Appointed pastor at age 31, I was very young and inexperienced for the position. I can certainly appreciate this fact with the vantage of age. As soon as I arrived there in 1978, I was recruited by the Diocese of Orlando to teach adult education in diocesan parishes and in the late 1990’s to serve in the diocese’s newly restructured catechist training program, which I continued until 2016 until my diocese dropped human teachers in favor of machines.Although there were many blessings in my twenty years of pastoring, it was becoming evident to me that the priestly life was for much better suited men than me. In 1994 I received permission from my Bishop to take an extended leave, and thanks to the gracious assistance of my Diocese, I was able to successfully complete the laicization process in 1998.
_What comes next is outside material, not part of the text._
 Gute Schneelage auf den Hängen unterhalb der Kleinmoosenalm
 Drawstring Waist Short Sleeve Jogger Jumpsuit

It had happened that while pastoring I was able to complete an M.A. in Counseling from Rollins College in 1988 after four years of night school and summer school. Thus, when leaving the priestly ministry in 1994 I was able to find work—entry level, of course—in the mental health field. I was able to successfully earn my medical license to practice psychotherapy from the Florida Department of Health in 1999 (license #MH5090, you can look it up) and continue in good standing. In 2003 I opened my own private practice. As luck would have it, many of my patients were Catholic, including clergy and religious and many church employees and volunteers. I expanded my practice into EAP counseling (Employee Assistance or job stress situations) and began to engage in occasional presentations and workshops on the crossover of mental health, work stress, and church settings. I served as an adjunct instructor for Daytona Beach College (human services and psychology) and St. Leo College, Daytona Extension (religious studies;) I have been a presenter at the National Catholic Educators Association conventions on issues of mental health and religious education during the years 2004-2015..
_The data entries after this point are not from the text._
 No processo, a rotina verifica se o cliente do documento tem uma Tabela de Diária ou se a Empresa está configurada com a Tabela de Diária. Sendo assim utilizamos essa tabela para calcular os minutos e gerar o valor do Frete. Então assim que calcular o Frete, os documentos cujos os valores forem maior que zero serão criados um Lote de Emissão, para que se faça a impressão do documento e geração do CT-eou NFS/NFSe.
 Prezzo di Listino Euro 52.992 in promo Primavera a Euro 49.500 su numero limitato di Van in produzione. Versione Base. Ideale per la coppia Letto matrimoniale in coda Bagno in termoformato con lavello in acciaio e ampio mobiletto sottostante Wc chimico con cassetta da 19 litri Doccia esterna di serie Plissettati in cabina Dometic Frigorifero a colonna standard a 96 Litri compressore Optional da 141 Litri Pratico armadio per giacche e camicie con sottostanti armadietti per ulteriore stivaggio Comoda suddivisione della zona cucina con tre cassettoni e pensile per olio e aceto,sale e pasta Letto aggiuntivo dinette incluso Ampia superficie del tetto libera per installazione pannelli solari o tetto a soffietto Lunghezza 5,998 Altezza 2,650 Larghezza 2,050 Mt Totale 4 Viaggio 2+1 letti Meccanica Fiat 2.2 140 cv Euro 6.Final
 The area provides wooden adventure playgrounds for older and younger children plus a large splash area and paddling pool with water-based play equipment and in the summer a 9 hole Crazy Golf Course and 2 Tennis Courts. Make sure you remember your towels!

Given the changing nature of the mental health field, and my desire to engage more fully in my first love, theology and religious studies, I closed my practice on September 30, 2014. When the technological wave washed away my ministerial teaching position with the diocese, I dusted myself off and headed over to Catholic Charities of the Orlando Diocese, and soon I was maintaining pro bono mental health service in two rural locations in Central Florida under the Catholic Charities medical services division. I have reviewed theology books on Amazon—80 as of this writing. I always knew, however, that some kind of internet presence was in my future—and thus “The Catechist Café” came into being in November 2014.
In 1998 I had the great fortune to marry Dr. Margaret E. Curran. My then-pastor and Vicar General officiated at our wedding, and we are now in our 26th year of a very happy marriage. My wife has had a rich career; having earned her doctorate at Columbia University she taught for seventeen years for the University of Puerto Rico before starting a 25-year tenure as a Catholic elementary school principal from which she only recently retired (though the University of Central Florida was quick to recruit her to adjunct status.) She has served in multiple executive capacities with the NCEA for over two decades. She continues to serve in multiple human services placements for the Church.
And yes, I do love coffee, if you haven’t figured that out yet. And if you’re wondering why I embarked on the Café, a number of long deceased and long-suffering priests from my elementary school and parish days could answer in unison” “Because he’s precocious!”